▶ **What is needed**: From the listing below, retype exactly the line holding "Tưởng tượng một", the line holding "H:7-250.8 4.5 4.3", and the lines between them; skip everything else.

Source material below:

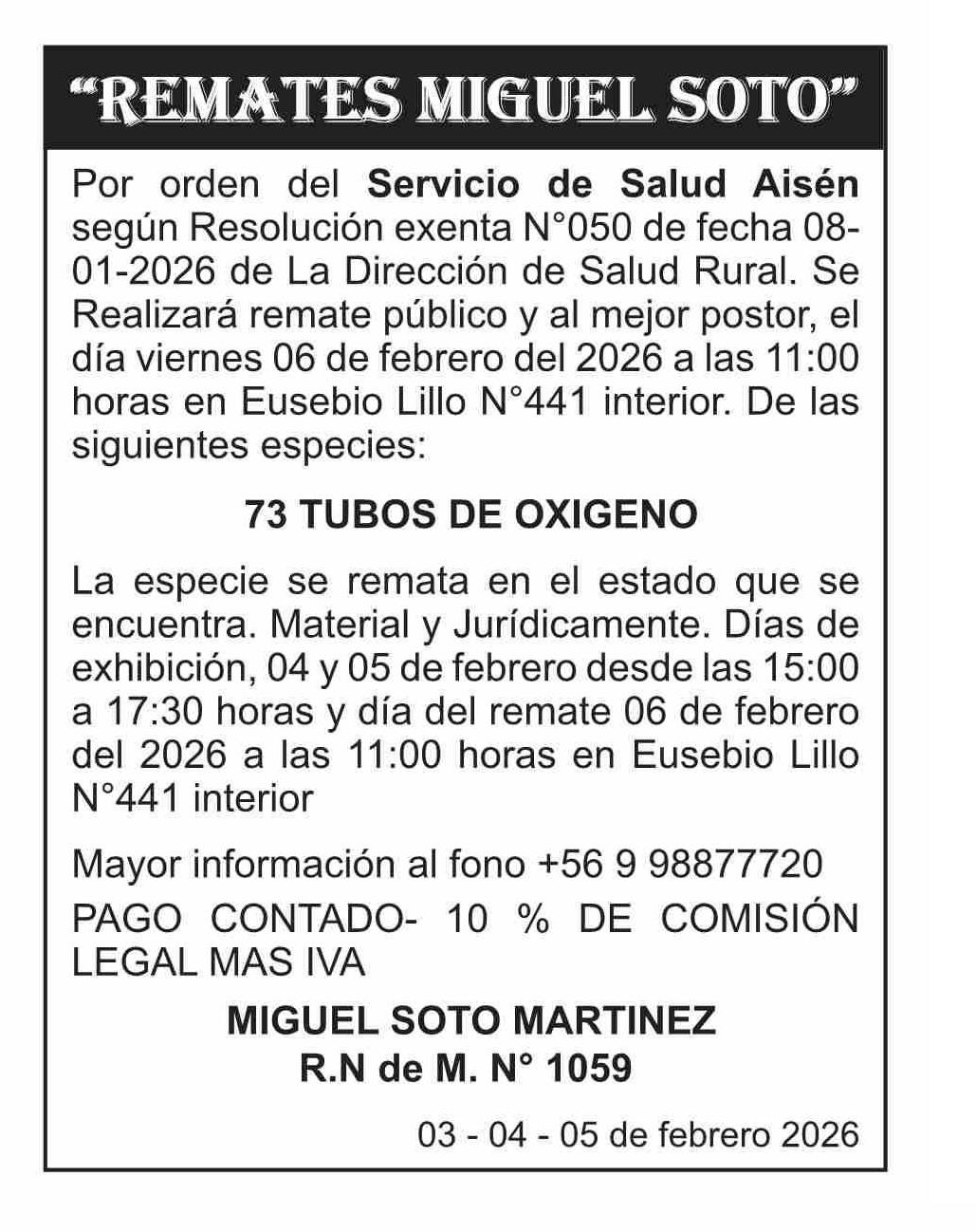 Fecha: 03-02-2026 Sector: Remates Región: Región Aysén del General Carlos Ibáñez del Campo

End of Source material.
Source material below:

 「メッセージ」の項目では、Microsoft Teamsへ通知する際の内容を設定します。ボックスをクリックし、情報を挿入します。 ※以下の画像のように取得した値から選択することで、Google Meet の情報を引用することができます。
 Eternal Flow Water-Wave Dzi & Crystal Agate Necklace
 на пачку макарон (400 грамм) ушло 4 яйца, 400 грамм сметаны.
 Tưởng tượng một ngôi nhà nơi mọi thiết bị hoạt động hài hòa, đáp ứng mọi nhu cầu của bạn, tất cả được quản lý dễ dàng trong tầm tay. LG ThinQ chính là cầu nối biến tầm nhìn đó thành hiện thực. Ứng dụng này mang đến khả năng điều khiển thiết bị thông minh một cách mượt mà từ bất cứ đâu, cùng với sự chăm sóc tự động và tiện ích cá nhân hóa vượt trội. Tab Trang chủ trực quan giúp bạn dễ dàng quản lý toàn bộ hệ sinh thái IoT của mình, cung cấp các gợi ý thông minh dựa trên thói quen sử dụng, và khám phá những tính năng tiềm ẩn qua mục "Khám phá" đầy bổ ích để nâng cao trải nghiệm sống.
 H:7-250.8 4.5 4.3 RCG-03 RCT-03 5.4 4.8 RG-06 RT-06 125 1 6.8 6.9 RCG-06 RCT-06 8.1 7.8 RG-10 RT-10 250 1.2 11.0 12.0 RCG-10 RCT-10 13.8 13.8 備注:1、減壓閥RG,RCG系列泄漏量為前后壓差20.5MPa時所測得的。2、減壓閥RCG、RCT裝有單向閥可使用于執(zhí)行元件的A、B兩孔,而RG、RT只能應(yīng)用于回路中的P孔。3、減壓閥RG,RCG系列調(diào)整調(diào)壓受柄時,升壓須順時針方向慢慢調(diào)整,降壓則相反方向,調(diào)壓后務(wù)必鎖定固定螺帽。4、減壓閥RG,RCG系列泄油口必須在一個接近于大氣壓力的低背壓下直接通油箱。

End of Source material.

▶ **Solution for this exercise**:
 Tưởng tượng một ngôi nhà nơi mọi thiết bị hoạt động hài hòa, đáp ứng mọi nhu cầu của bạn, tất cả được quản lý dễ dàng trong tầm tay. LG ThinQ chính là cầu nối biến tầm nhìn đó thành hiện thực. Ứng dụng này mang đến khả năng điều khiển thiết bị thông minh một cách mượt mà từ bất cứ đâu, cùng với sự chăm sóc tự động và tiện ích cá nhân hóa vượt trội. Tab Trang chủ trực quan giúp bạn dễ dàng quản lý toàn bộ hệ sinh thái IoT của mình, cung cấp các gợi ý thông minh dựa trên thói quen sử dụng, và khám phá những tính năng tiềm ẩn qua mục "Khám phá" đầy bổ ích để nâng cao trải nghiệm sống.
 H:7-250.8 4.5 4.3 RCG-03 RCT-03 5.4 4.8 RG-06 RT-06 125 1 6.8 6.9 RCG-06 RCT-06 8.1 7.8 RG-10 RT-10 250 1.2 11.0 12.0 RCG-10 RCT-10 13.8 13.8 備注:1、減壓閥RG,RCG系列泄漏量為前后壓差20.5MPa時所測得的。2、減壓閥RCG、RCT裝有單向閥可使用于執(zhí)行元件的A、B兩孔,而RG、RT只能應(yīng)用于回路中的P孔。3、減壓閥RG,RCG系列調(diào)整調(diào)壓受柄時,升壓須順時針方向慢慢調(diào)整,降壓則相反方向,調(diào)壓后務(wù)必鎖定固定螺帽。4、減壓閥RG,RCG系列泄油口必須在一個接近于大氣壓力的低背壓下直接通油箱。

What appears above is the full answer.